Durant l’été, les mouvements d’air s’intensifient à cause de la convection. Juillet, d’après la FAA et la NTSB, est le mois où l’on recense le plus d’incidents liés aux secousses. À l’inverse, l’hiver réserve des surprises sur l’Atlantique Nord, avec des tempêtes qui déchaînent l’atmosphère et rendent certaines routes difficiles à prédire, même sans relief ni nuages menaçants. Les courants-jets imposent leur rythme, rendant la planification parfois délicate.

Jeune femme vérifiant son téléphone devant un panneau d

Conseils pratiques pour voyager sereinement malgré les secousses

Quand les turbulences s’invitent à bord, mieux vaut adopter quelques réflexes simples. La ceinture attachée demeure votre meilleure protection : les statistiques de Turbli et de la FAA sont sans appel, la plupart des blessés lors de fortes secousses n’étaient pas sanglés. Même en croisière, gardez la ceinture bouclée, un geste discret mais efficace.

Le choix du siège joue aussi son rôle. Privilégiez une place au niveau des ailes : c’est là que les mouvements sont le mieux amortis. À l’arrière, les secousses se font sentir davantage, alors qu’à l’avant ou au-dessus des ailes, les oscillations sont moindres. Ce critère, souvent négligé au moment de réserver, change la donne pour ceux qui redoutent les secousses.

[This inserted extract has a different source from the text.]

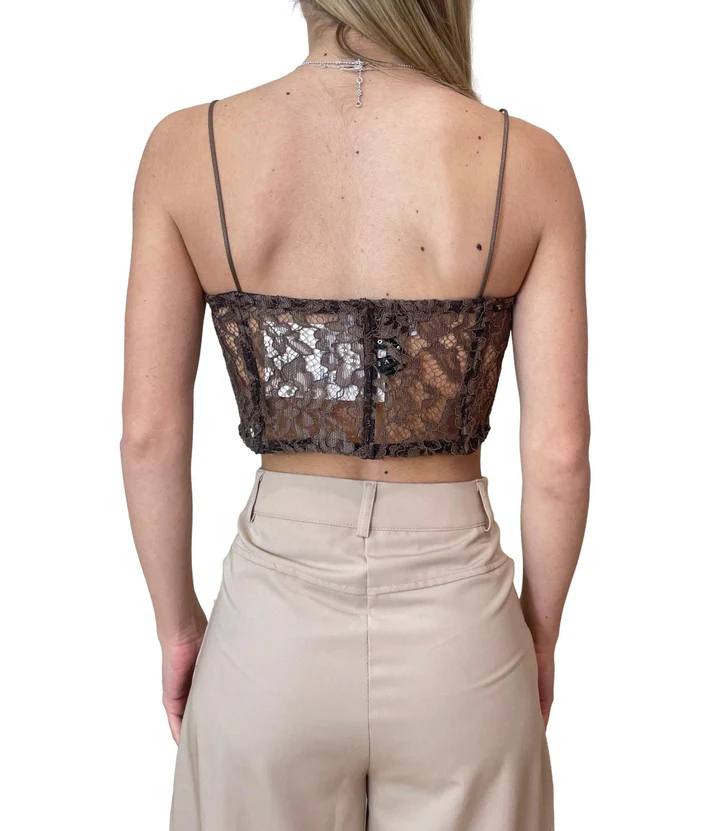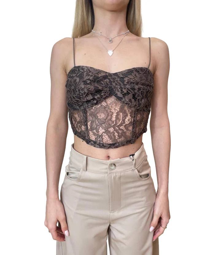Top cropped in pizzo floreale dal design femminile e raffinato. Caratterizzato da spalline sottili e scollo a cuore con dettaglio intrecciato sul davanti, valorizza la silhouette con un effetto semi-trasparente elegante e sensuale. Perfetto da abbinare a blazer o pantaloni a vita alta per un look sofisticato da sera.
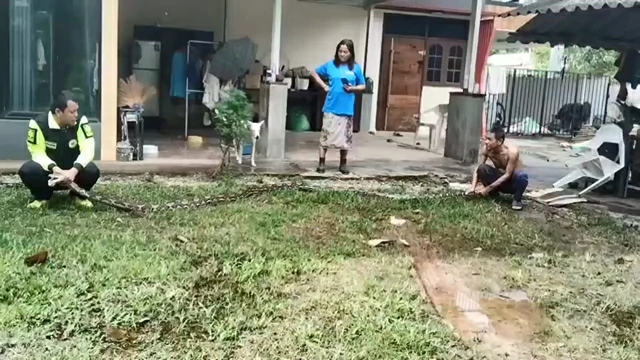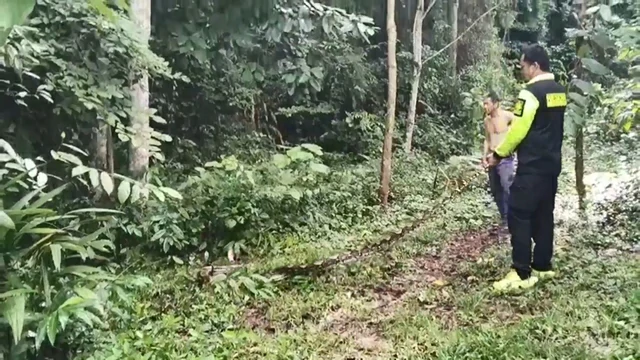 เมื่อเจ้าหน้าที่ฯไปถึงพบงูเหลือมยักษ์นอนขดตัวอยู่ป่าหญ้าหลังบ้าน จึงเข้าทำการจับงูเหลือมทันทีโดยใช้เวลานานประมาณ 2 นาที ก็สามารถจับงูเหลือมยักษ์นำมาวัดได้ความยาว 6 เมตร จึงนำใส่กระสอบเตรียมนำไปปล่อยคืนสู่ป่าธรรมชาติที่อยู่ห่างไกลบ้านเรือนผู้คนต่อไปเพื่อความปลอดภัย

Les avions de dernière génération, comme l’Airbus A350 ou le Boeing 777, gèrent mieux les variations d’altitude grâce à leurs systèmes de stabilisation avancés. Les jets privés récents tels que le Gulfstream G700 ou le Falcon 10X misent sur des innovations structurelles et des technologies prédictives pour offrir une traversée moins heurtée.

Enfin, faites confiance aux équipes à bord : suivez leurs consignes, évitez de circuler en cabine quand une alerte turbulence est annoncée, même si cela implique de patienter pour aller aux toilettes. Ce sont ces détails, parfois anodins, qui transforment un vol mouvementé en expérience bien maîtrisée.

La prochaine fois que la cabine tremblera, vous saurez où vous asseoir et pourquoi garder la ceinture bouclée n’est jamais un excès de prudence. Voyager, c’est aussi apprivoiser l’imprévu, et parfois, accepter que le ciel impose ses propres règles du jeu.